The present invention relates to a field electron emission source.

2. Discussion of Related Art

Field emission displays (FEDs) are relatively new, rapidly developing flat panel display technologies. FEDs are based on emission of electrons in a vacuum, and light emitted by electrons emitted from micron-sized tips in a strong electric field, accelerating, and colliding with a fluorescent material. FEDs are thin and light with high brightness. Compared to conventional technologies, e.g., cathode-ray tube (CRT) and liquid crystal display (LCD) technologies, FEDs are superior in having a wider viewing angle, lower energy consumption, a smaller size, and a higher quality display. A field electron emission source is an essential component in the FEDs.

The field electron emission source operates in a vacuum environment, where an electrical field is applied to the emitters to generate electrons. The emitters are connected to a cathode electrode. A positive gate extracts electrons from the emitters through a vacuum gap. In order for emission to occur, a strong electric field is required. A high field emission efficiency can be achieved by sharpening the emitters to a high aspect ratio and by lowering a distance between the emitters and the gate.

The widest known field emission electron source is the Spindt-type field emitter, which uses a conical or pyramid micro-tip closer to the gate as emitter.

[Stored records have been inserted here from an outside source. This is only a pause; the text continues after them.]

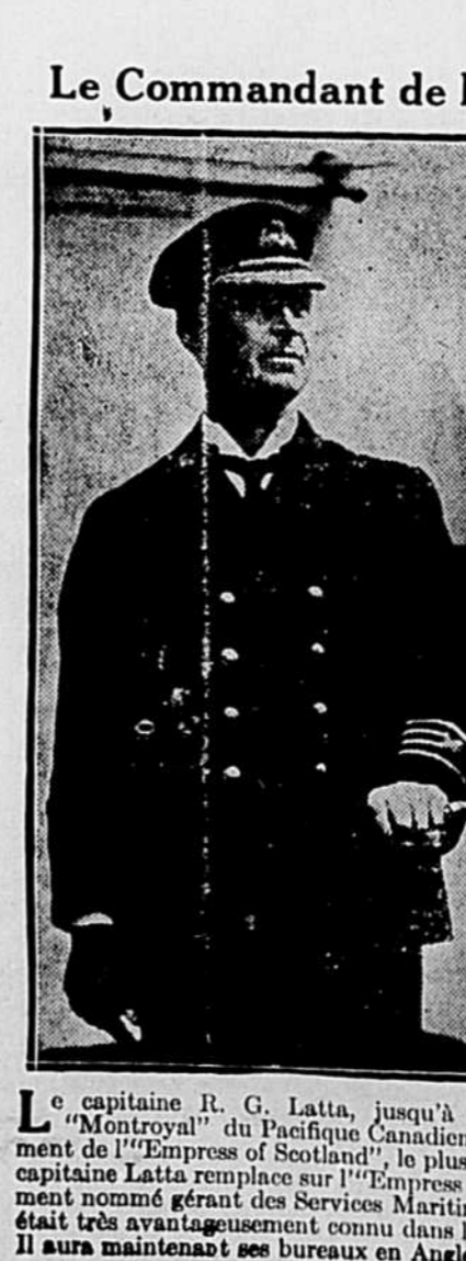
Le capitaine R. G. Latta, jusqu'à ces derniers temps commandant du "Montroyal" du Pacifique Canadien, à qui vient d'être confié le commandement de l'"Empress of Scotland", le plus gros paquebot de cette compagnie. Le capitaine Latta remplace sur l'"Empress of Scotland" le capitaine Gillies, récemment nommé gérant des Services Maritimes du Pacifique Canadien. Ce dernier était très avantageusement connu dans les cercles maritimes de l'est du Canada. Il aura maintenant ses bureaux en Angleterre.
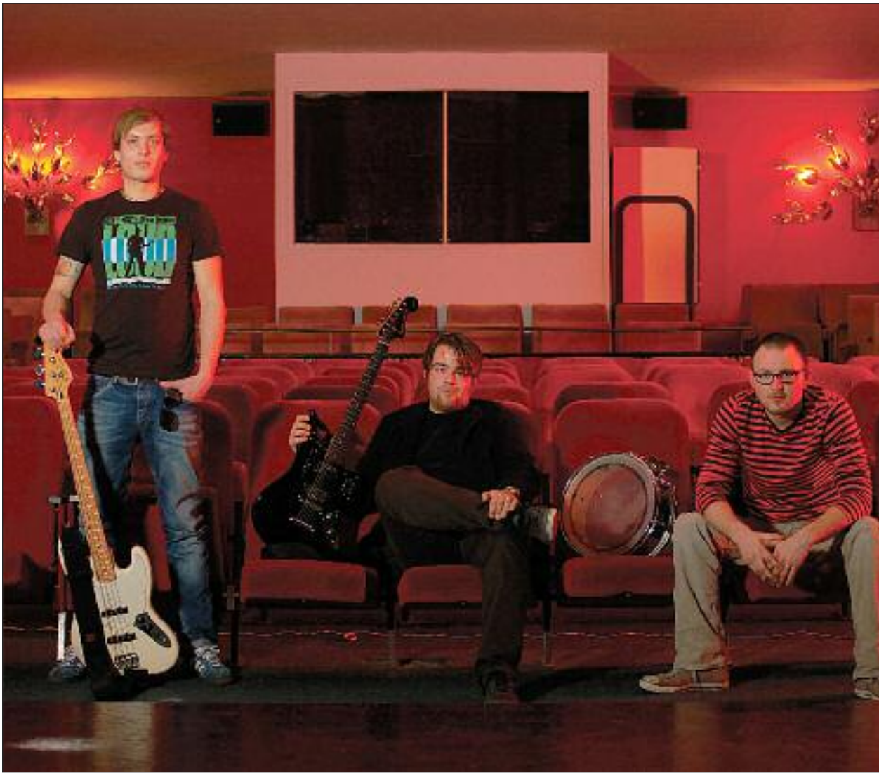
Supersymetry aus Südschleswig - eines von 21 Acts.
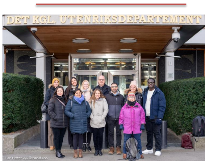
Fredsstudentene på besøk.

Over sommeren skal klubbene delta i gjennomføringen av Summer Camp, den første i vårt Distrikt på mange år. Campen gjennomføres som et samarbeidsprosjekt med fire andre klubber i Distriktet. Planleggingen er i rute og man ser frem til å motta et knippe forventningsfulle og motiverte deltakere fra det store utland.
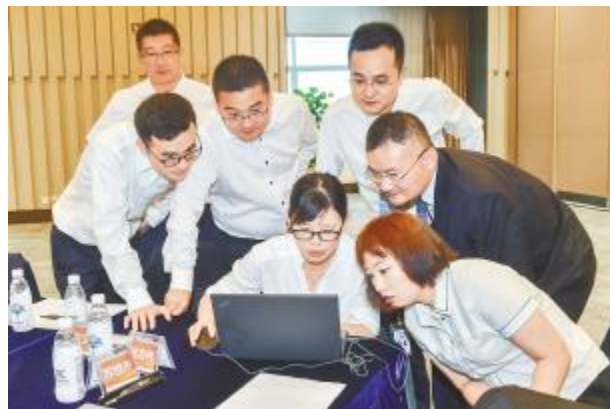
会议现场大家热烈讨论
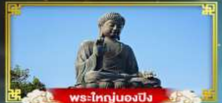
พระใหญ่ของปิง
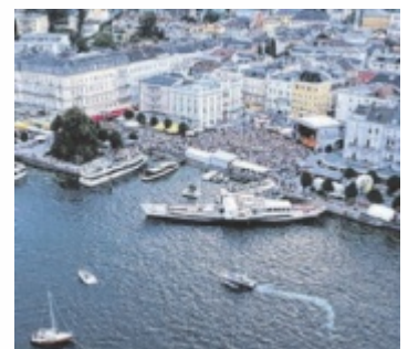
Großevents locken heuer wieder zum Rathausplatz Gmunden
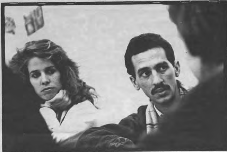
"Fidel zendt zijn zonen uit."

FEU: «Ja, er is een beperking van het aantal mensen dat kan beginnen aan de universiteit. Nu, met de ekono-
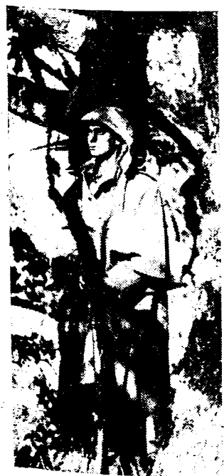
OP POST IN DEN KOUDEN NACHT

Hevige gevechten aan gang in den sektor van Navalperal
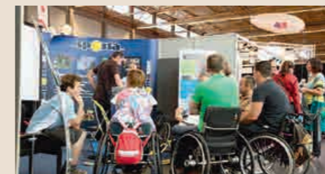
*REVA-BEURS. Het antwoord op al je vragen.

Wie vragen heeft over dienstverlening of op zoek is naar het juiste hulpmiddel, vindt heel wat antwoorden op de REVA-beurs. De informatiebeurs voor mensen met een beperking richt zich op zowel mensen met een kleine beperking als met een meer ingrijpende handicap, van professionele hulpverleners tot mantelzorgers en familie. Ook het VAPH en KOC (Kenniscentrum Hulpmiddelen) zijn aanwezig op de beurs met een infostand. REVA vindt plaats op 25, 26 en 27 april in Flanders Expo Gent. De inkom bedraagt 5 euro. Je kunt een vrijkaart downloaden via http://reva.eventplus.be . Meer info vind je op www.reva.be .
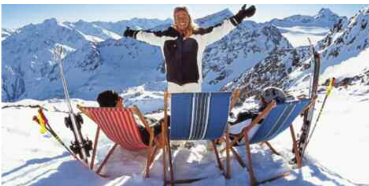
Dacă în decembrie e ger bun, atunci va fi vară secetoasă și călduroasă, iar dacă în luna aceasta va fi vremea domoală, vara va fi ploioasă

Dacă în decembrie e ger bun, atunci va fi vară secetoasă și călduroasă, iar dacă în luna aceasta va fi vremea domoală, vara va fi ploioasă. Alte prevestiri de timp spun că atunci când câinii latră la lună urmează ger mare, dar și faptul că neaua și gerul din decembrie vestesc grâu mult în anul care vine. Bătrânii mai obișnuiau să spună:
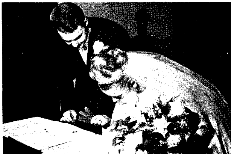
(Fêtes et Saisons)
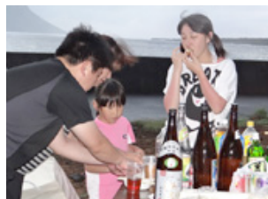
横間海岸で「よされ会」のバーベキューに参加
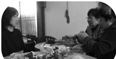
編み物サークルによる編み物教室

そのほかの活動としては、清流大学の授業のなかで「地域おこし協力隊の活動」についてご紹介をさせていただきました。
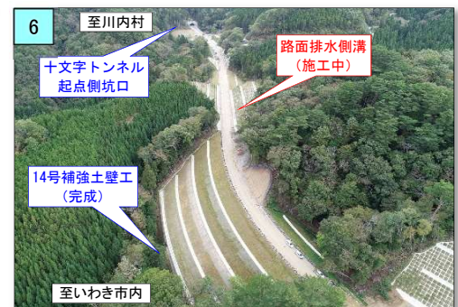
路床面まで完成し、側溝及び法面を施工中です。
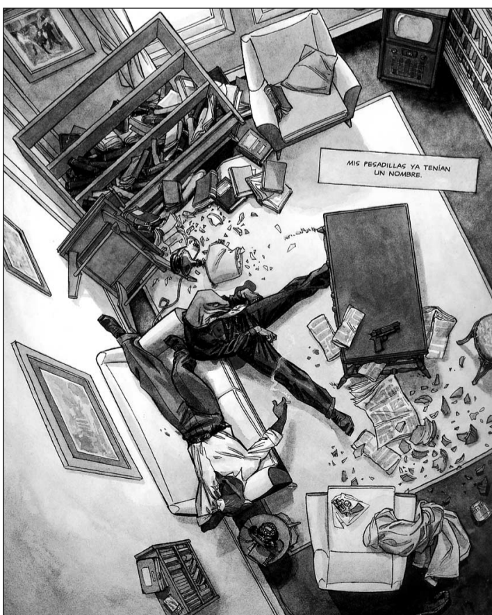
Un plànol d'inequívoc regust cinematogràfic.
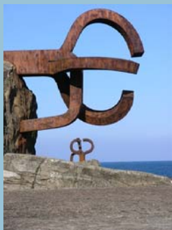
Peine del Viento de Eduardo Chillida. Donostia-San Sebastián

En otoño publicaremos la segunda circular
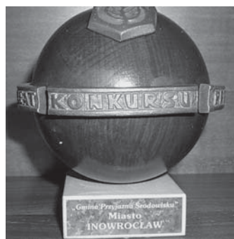
Statuetka, którą miasto wyróżniono.

ZDROWIE. Proste plecy dzieci i młodzieży
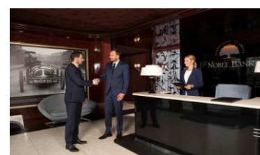
Nowy segment Bankowość Osobista Noble
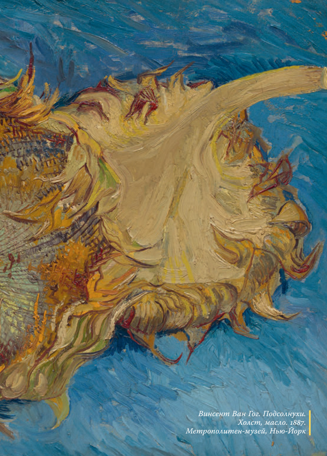
Винсент Ван Гог. Подсолнухи. Холст, масло. 1887. Метрополитен-музей, Нью-Йорк

However, a current leakage is possible between the emitter and the gate, which prevents a wide application thereof. Recently, various nano-structures, such as nanotubes and nano-wire, have been successfully synthesized. They have a high aspect ratio. However, the field emission electron source having nano-structures has low stability. Further, because distances between adjacent nano-structures is small, a strong shielding effect is produced, lowering the field emission efficiency.

What is needed, therefore, is a field electron emission source with high field electron emission efficiency, high stability, and low current leakage, and a method for manufacturing the field electron emission source.

BRIEF DESCRIPTION OF THE DRAWINGS

Many aspects of the present field electron emission source and the present method for manufacturing the same can be better understood with reference to the following drawings. The components in the drawings are not necessarily to scale, the emphasis instead being placed upon clearly illustrating the present field electron emission source and the present method.

FIGS. 1-6 are highly schematic representations of steps in a method for manufacturing a field electron emission source, according to one embodiment.

DETAILED DESCRIPTION OF PREFERRED EMBODIMENTS

Referring to FIGS. 1-6, a method for manufacturing a field electron emission source includes the steps of:

• (a) providing an insulating substrate, depositing a cathode layer on the selective portion of the substrate;
• (b) patterning a number of emitters on the cathode layer;
• (c) coating a photoresist layer on the substrate, the cathode layer and the emitters;
• (d) exposing portions of the photoresist layer to radiation, the portions thereof corresponding to the emitters;
• (e) forming a mesh structure on the photoresist layer; and
• (f) removing the exposed portions of photoresist layer, thereby achieving a spacer spaced from the emitters.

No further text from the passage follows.